Consumers have to brace themselves for a possible price hike in sugar and flour less than a month after Putrajaya cut fuel subsidies and assured that the prices of these two essential items would not be increased.
Domestic Trade and Consumer Affairs Minister Datuk Hasan Malek hinted that subsidies for sugar and flour might be reduced as part of the government’s subsidy rationalisation plan.
The details will be announced during the tabling of the 2014 Budget on October 25, English daily The New Straits Times reported today
"The government's intention is to strengthen the economy. We do not want to be like the United States, where its economy has been shut down," he was quoted as saying by the newspaper after opening a briefing on a current issues and consumerism campaign with hawkers and petty traders in Ipoh, Perak.
Consumers already reeling from the effects of the fuel hike early last month were urged by Hasan to look at the positive side of Putrajaya’s move. He added that any new measures by the government was meant for their overall wellbeing.
"Sometimes certain actions need to be carried out.
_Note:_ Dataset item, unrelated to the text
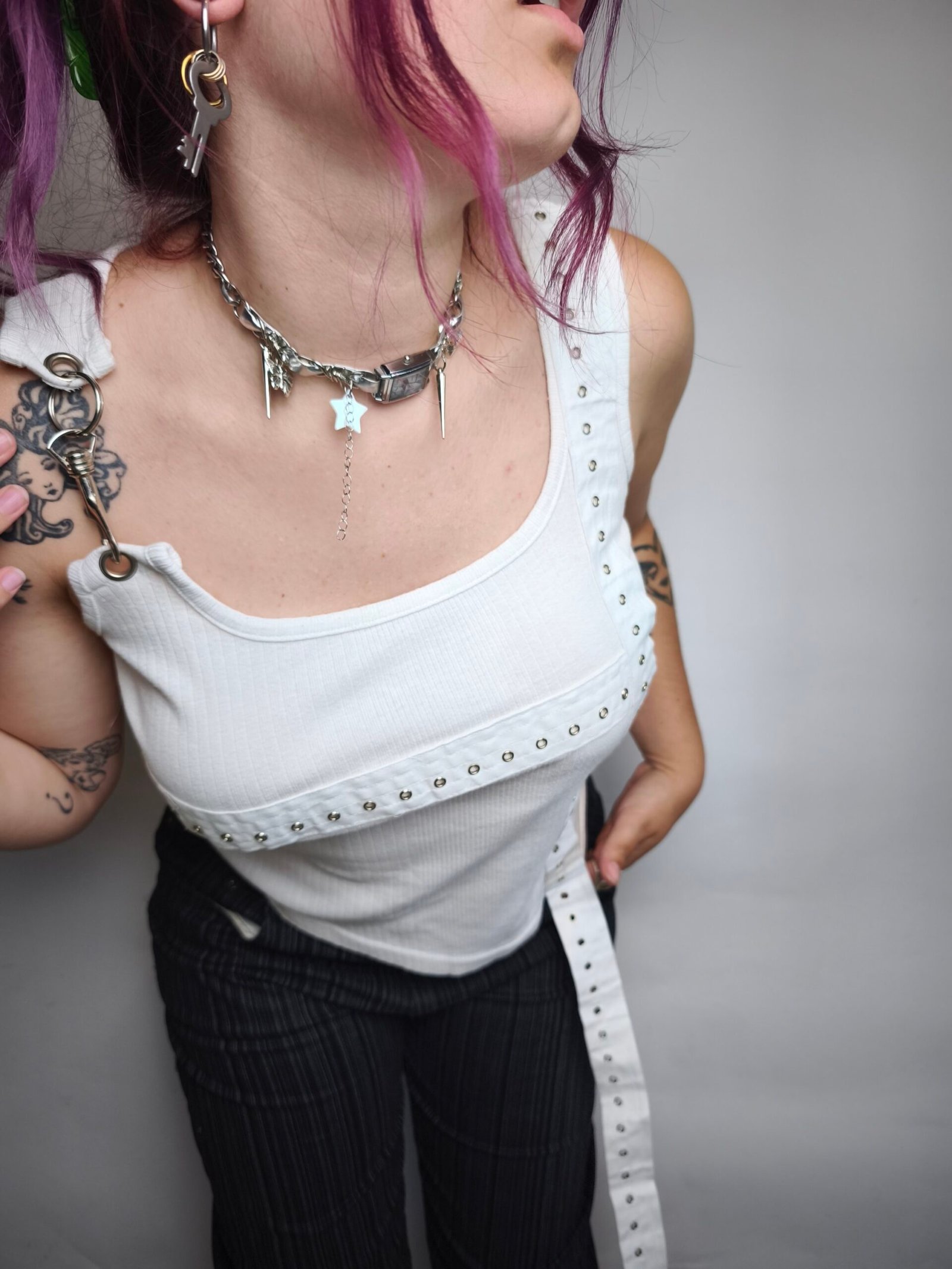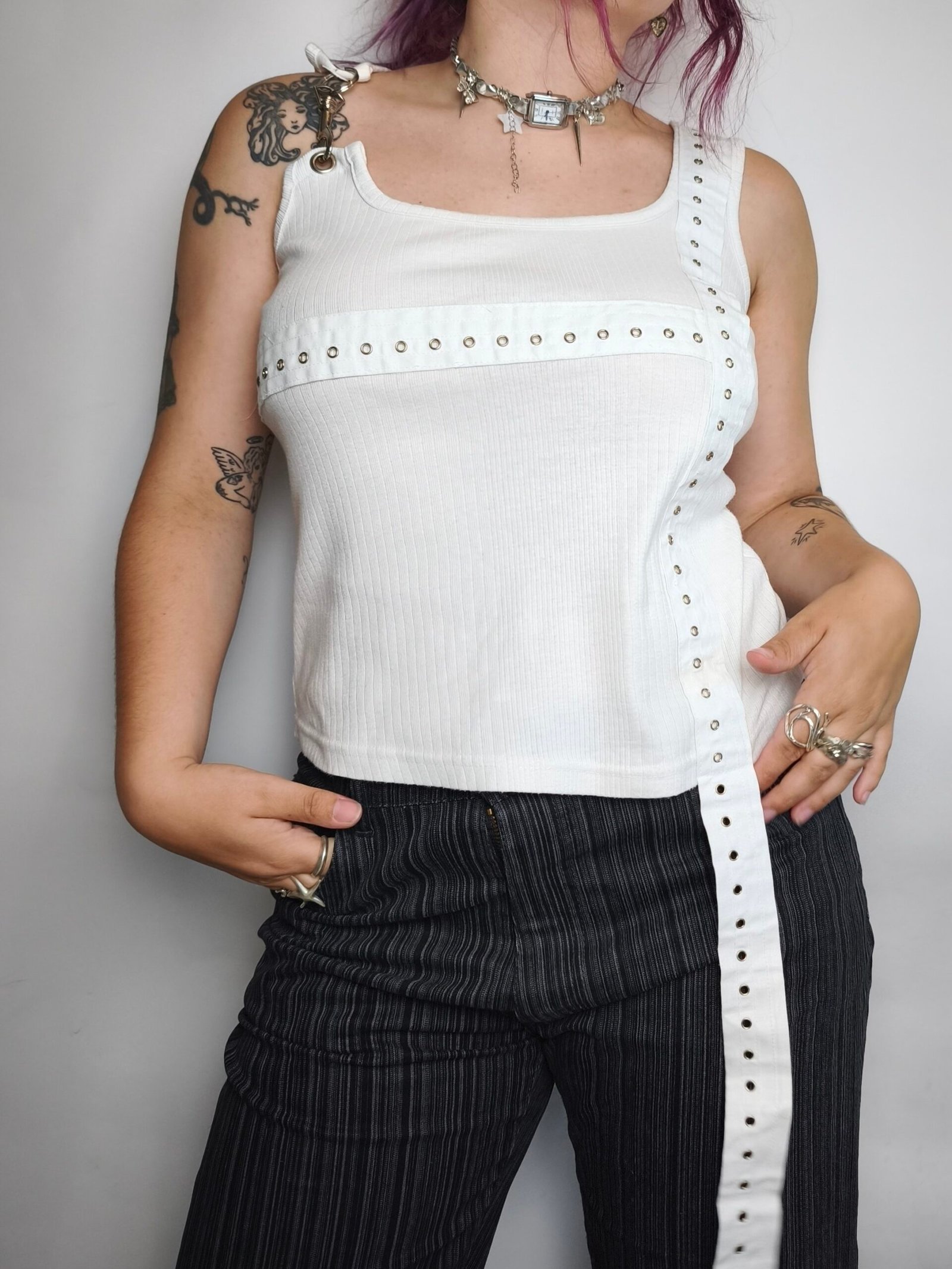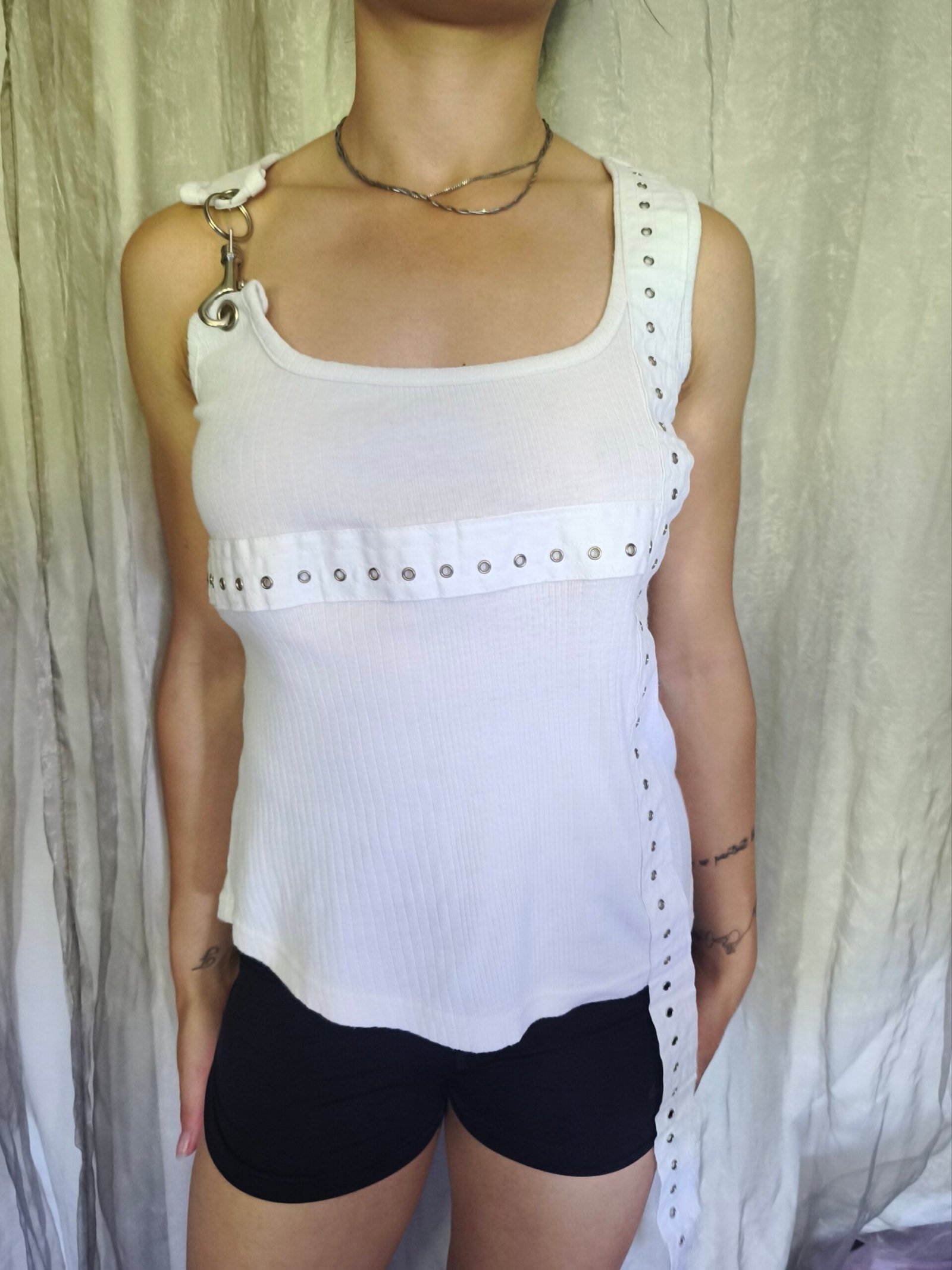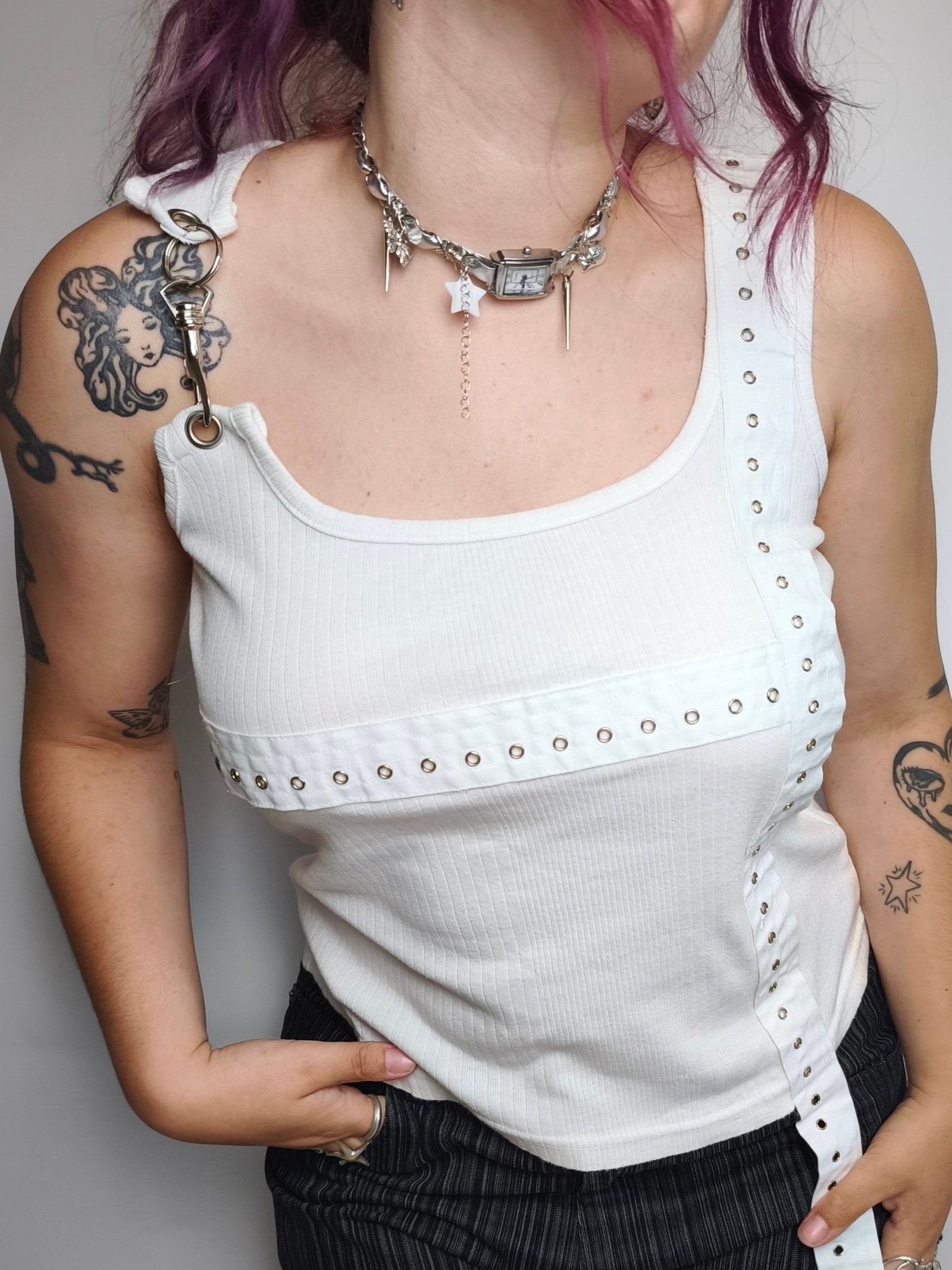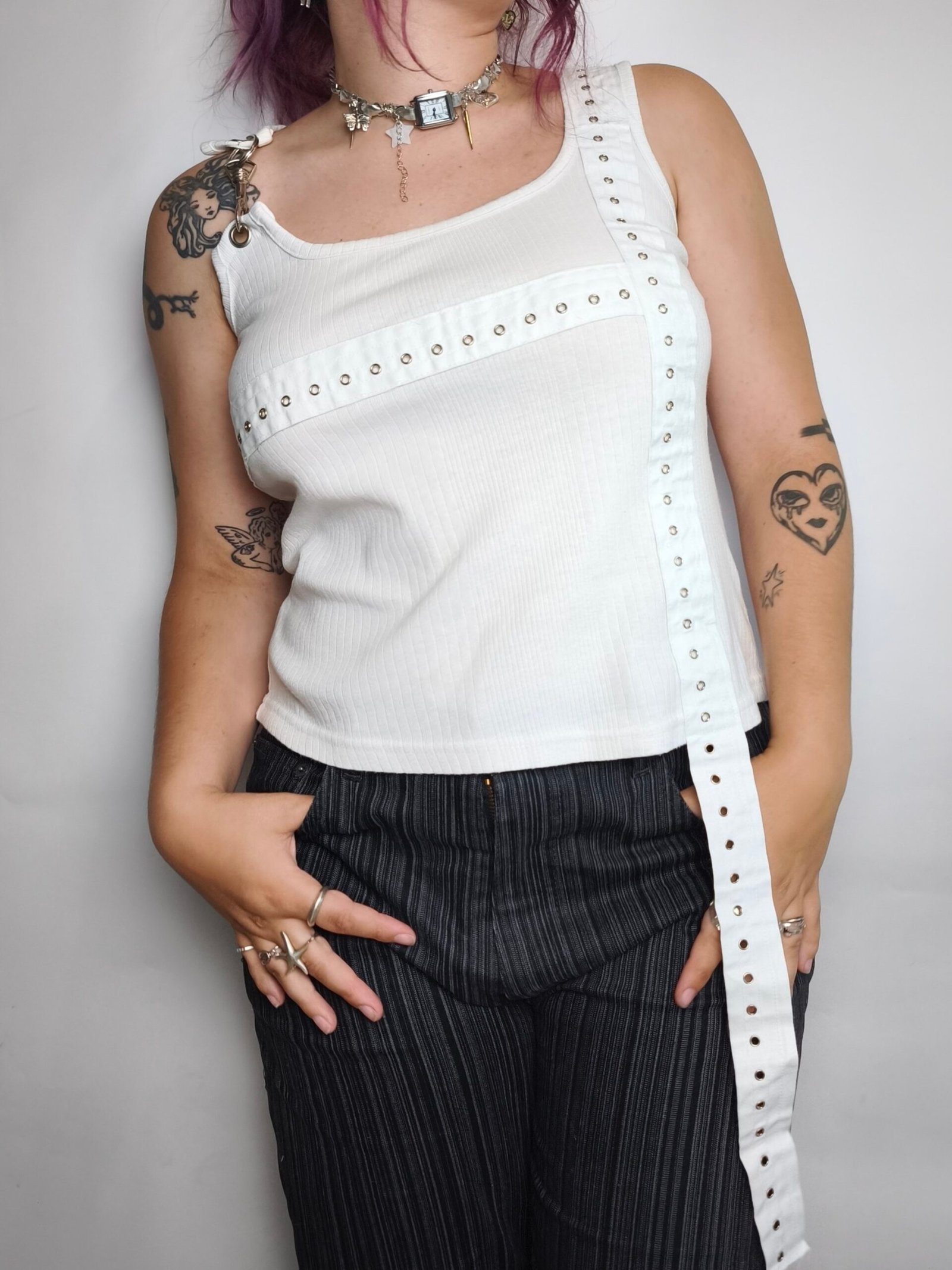 débardeur blanc avec oeillets et attache sur la bretelle et bande d’oeillets sur le devant.

For me, the country's interest is paramount." he added.
Hasan had previously assured consumers the price of sugar and flour would not be raised by manufacturers.
“Consumers do not have to worry as they also assured that the supply is enough to meet demand,” Hasan was quoted as saying by Utusan Malaysia on September 13.
Following the 20-sen hike in RON95 petrol and diesel on September 2 and a 15-sen increase in RON97 petrol two days later, Hasan had said that food prices were expected to go up only by 0.1%, quoting a study done by his ministry on the effects of a fuel price increase.
Prime Minister Datuk Seri Najib Razak had said the new prices would save the government at least RM1.1 billion this year.
To cushion the effects on the public, Najib said the Bantuan Rakyat 1Malaysia (BR1M) payout would be increased this year.
Upon the announcement of the fuel price hikes, outraged Malaysians formed long queues at petrol stations to fill up and took to social media to express their views.
However, economists hailed it as the right move to address the ever-increasing government debt, which currently stands at 53.5% as at the end of last year. – October 6, 2013.